Roanoke Times Copyright (c) 1995, Landmark Communications, Inc. DATE: THURSDAY, December 9, 1993 TAG: 9312080079 SECTION: EXTRA PAGE: 1 EDITION: METRO SOURCE: Beth Macy DATELINE: LENGTH: Medium
He was hobbling across the Wasena bridge, one of his legs clearly mangled. The way he looked at the people driving by him at 30 miles an hour - the way he peered mournfully into our cushioned, temperature-controlled cars - you couldn't help but feel for him.
His hair was black, all messy and humped up to the side. When he hopped up from the street to the curb, he missed the car in front of me by about two feet.
I pictured this poor little mutt in that room at the SPCA - a muzzle on his snout, the long needle going into him, the sudden slump from the euthanasia technician's arms down to the tattered linoleum floor.

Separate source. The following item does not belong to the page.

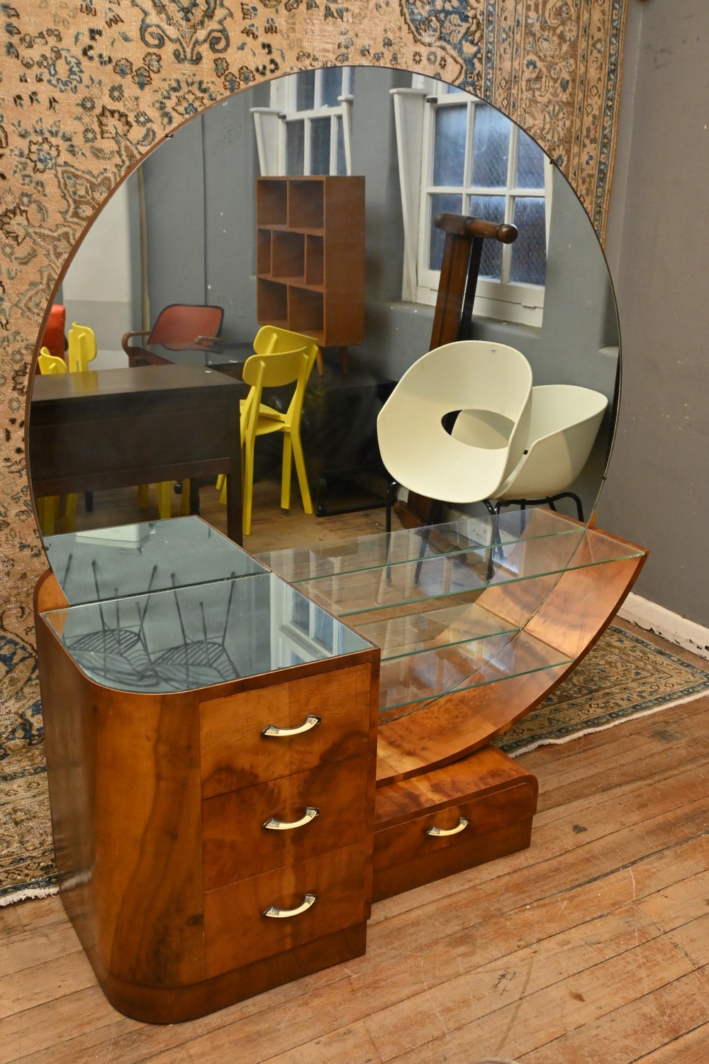 AN ART DECO MIRRORBACK DRESSER ( 170H X 150W X 53D CM) (PLEASE NOTE THIS HEAVY ITEM MUST BE REMOVED BY CLIENTS OR CARRIERS AT THE CUSTOMERS EXPENSE. LEONARD JOEL STAFF CANNOT ASSIST CARRYING THIS ITEM)

Then I imagined my own mutt, Scooter - who is lying in the chair beside me now, his four perfect legs crossed over each other just so - in that same awful room, where an average of two dozen animals in the Roanoke Valley are put to sleep every day.
\ They put a notice in our paycheck envelopes recently. Called "Giving Change Won't Make a Change," the pamphlet is a Downtown Roanoke handout designed to encourage people not to give panhandlers money. Instead, it says, we should make donations to the social-service organizations that help street people.

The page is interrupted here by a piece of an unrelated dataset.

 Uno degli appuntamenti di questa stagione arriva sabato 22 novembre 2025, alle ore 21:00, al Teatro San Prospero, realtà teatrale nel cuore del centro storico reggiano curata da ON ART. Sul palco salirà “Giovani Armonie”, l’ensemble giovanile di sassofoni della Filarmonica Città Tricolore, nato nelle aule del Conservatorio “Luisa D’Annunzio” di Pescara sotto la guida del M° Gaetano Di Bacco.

"Not all of Roanoke's panhandlers are drug- or alcohol-dependent, but most are," it says. "The change you give them on the street is most often spent on more drugs or alcohol - furthering their addiction and dependence on you and society."
I couldn't help but think of that dog on the bridge when I read that pamphlet. And I couldn't help but remember the day last summer when I helped serve free lunch at Roanoke Area Ministries, then walked downtown for a $5 lunch of my own.
As I walked back to work that afternoon, I spotted a street person heading toward me, a camouflage satchel strapped across his back.
The stranger was singing loudly. He was singing mostly jibberish - though I could make out a distinct reggae beat. As he got closer to me, his swaying became pronounced. It wasn't so much a drunken kind of sway, but a happy - deliriously happy - kind of bounce.
From the corner of my eye, I watched his dreadlocks bob up and down as he walked.
Avoid eye contact and don't stop walking, Downtown Roanoke's pamphlet instructs.
As our shoulders passed, the man's jibberish turned coherent. He sang: "THERE'S THE LADY JUST SERVED ME LUNCH AT THE RAM HOUSE, AND NOW SHE CAN'T EVEN SPEAK."
I did as the pamphlet instructs. I avoided eye contact and kept on walking. And I felt an odd combination of fear and guilt.
Fear, for having looked just a little.
And guilt, for not having looked closely enough.
\ I'm not sure why we get more worked up over homeless dogs than homeless people. I wrote a feature story two years ago chronicling the struggles of the SPCA euthanasia technicians and the animals they have to kill because of overpopulation. It received more reader response than anything I'd written before.
Recently I spent a week at a writers' retreat in Sweet Briar, where I taped pictures of my dog, Scooter, to the wall and pretended petting him every day. This, after I'd begged them (unsuccessfully) to let me bring the dog with me - so I wouldn't get lonely.
"But he's my inspiration," I told the admissions director, only half-joking.
During a trip to visit relatives in Baltimore last February, my husband and I were shocked by the big-city begging scene. You couldn't walk a block without being approached for money - an advance my sister-in-law successfully thwarts by giving them her most recent doggy bag.
I'm not sure why I can't stand to look these people in the eye.
Maybe it has to do with seeing myself in their worn, lonely faces. The possibility that I could end up on the streets - that I could end up one of them - is too painful to imagine, let alone confront face to face.
Not that I think dogs should be valued more than human beings. It's just that they're so innocent - and, by extension - so much easier to love.
They don't turn on us. They don't back out on their AA meetings. They don't get fired from their jobs for showing up drunk or late, or not at all. They're easier to help. And when we help them, we feel good about ourselves.
I thought of all that when I saw that poor, sad-sack of a dog on the bridge the other day and felt that same combination of fear and guilt.
Fear for the dog, for being there - and looking so lost.
And guilt for myself, for looking into his eyes - and feeling too much.